### Task goal
Copy without pictures. Please restate each line of the listing exactly.

### Data excerpt

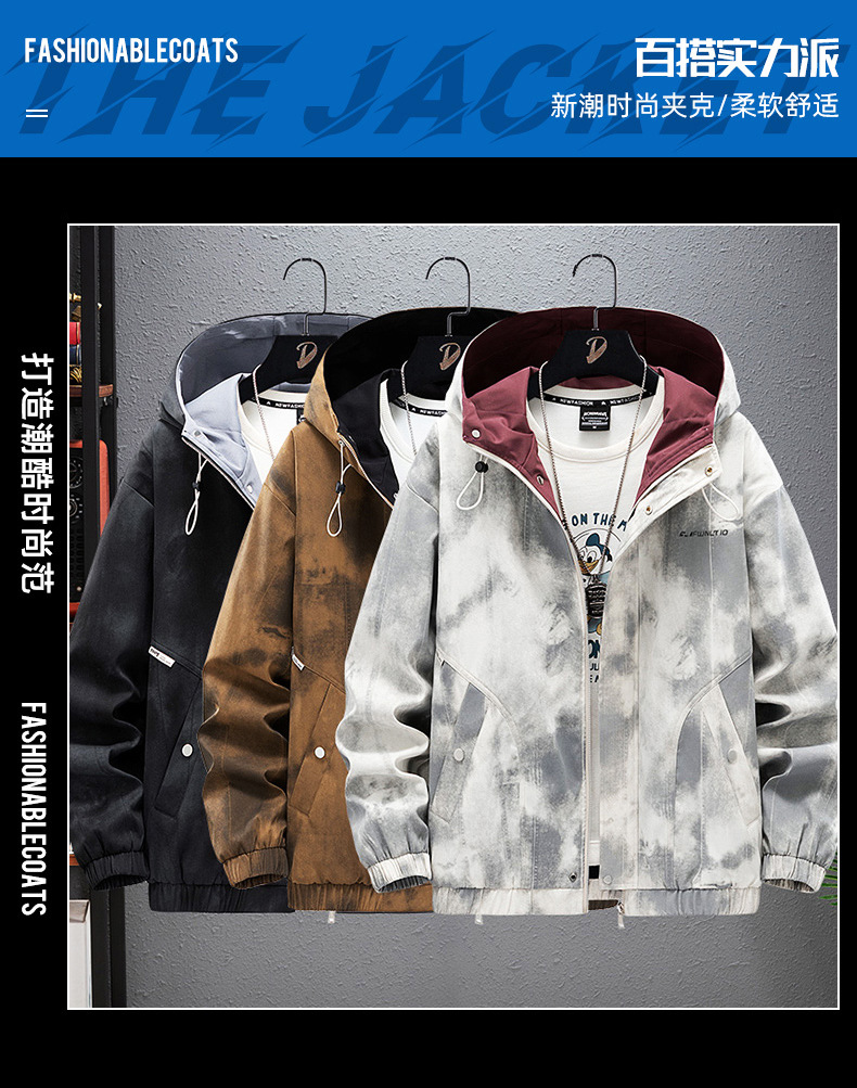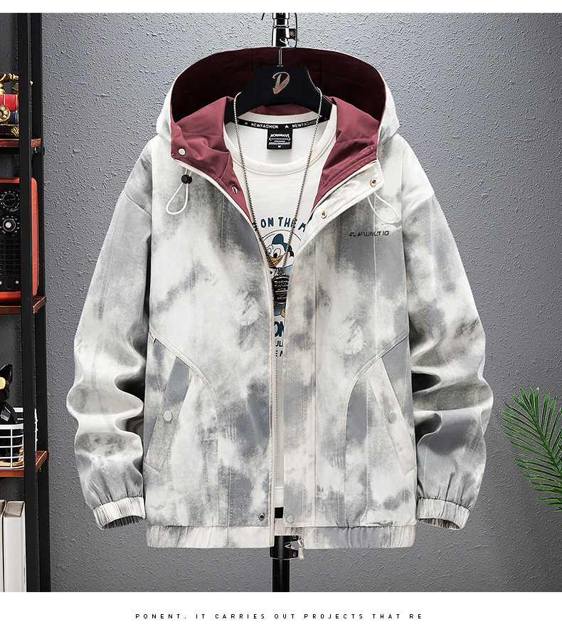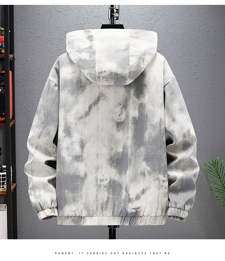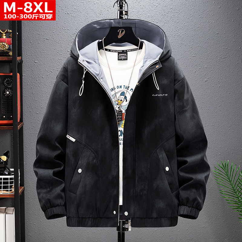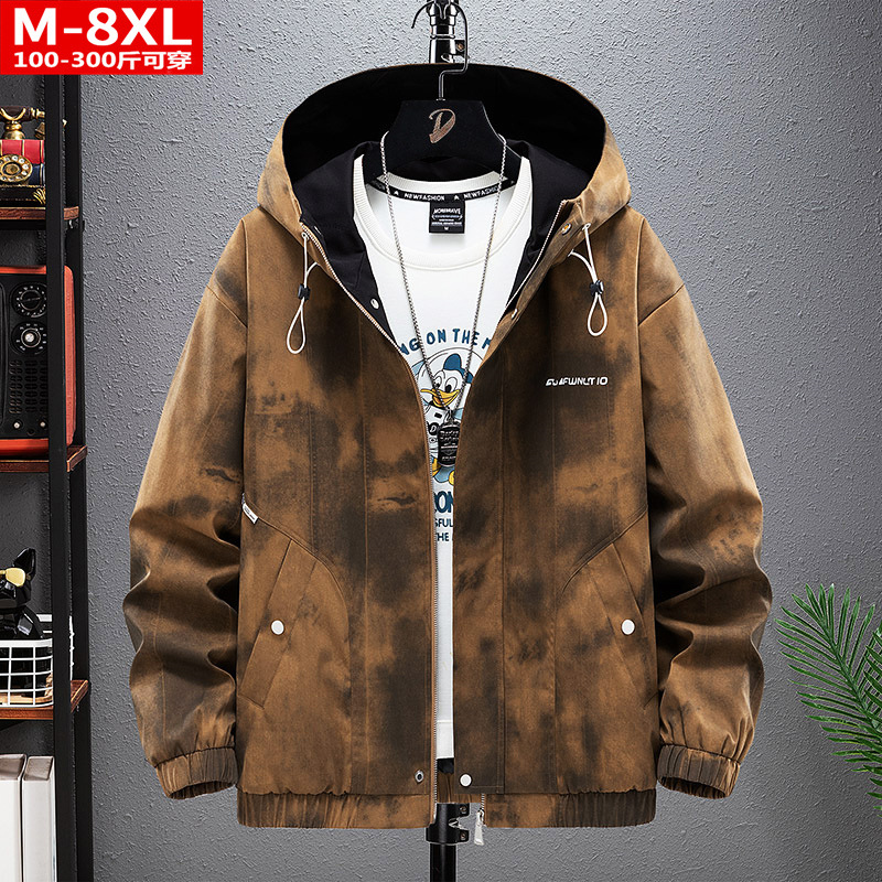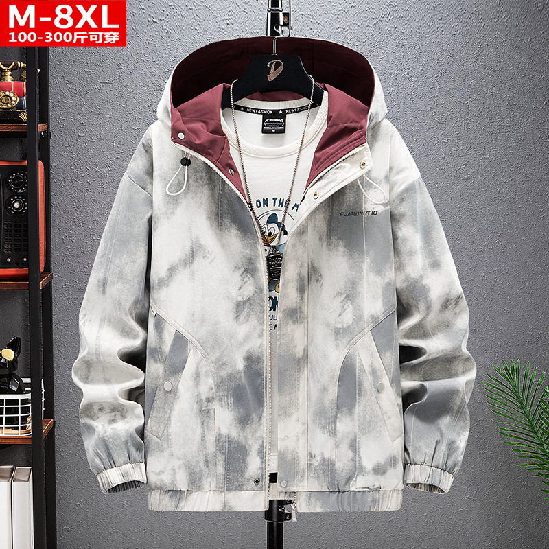 봄과 가을 트렌디 한 홍콩 스타일 남성 잘 생긴 패션 인쇄 후드 자켓 통통한 대형 플러스 뚱뚱한 느슨한 캐주얼 자켓스토어 가기
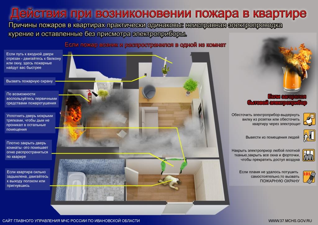 — в квартире — огнетушитель, кусок плотной трудногорючей ткани;
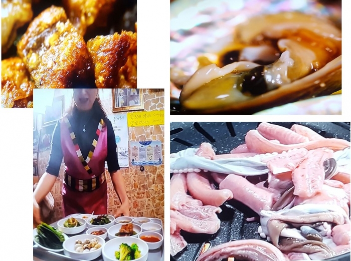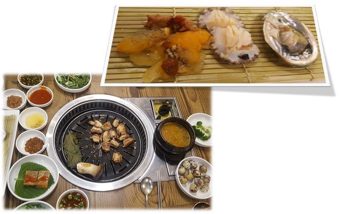 밑반찬에 해산물(전복 멍게 해삼 등)과 야채가 싱싱하여 식사시간의 시작부터 기분이 좋아집니다.

### Exercise result
 봄과 가을 트렌디 한 홍콩 스타일 남성 잘 생긴 패션 인쇄 후드 자켓 통통한 대형 플러스 뚱뚱한 느슨한 캐주얼 자켓스토어 가기
 — в квартире — огнетушитель, кусок плотной трудногорючей ткани;
 밑반찬에 해산물(전복 멍게 해삼 등)과 야채가 싱싱하여 식사시간의 시작부터 기분이 좋아집니다.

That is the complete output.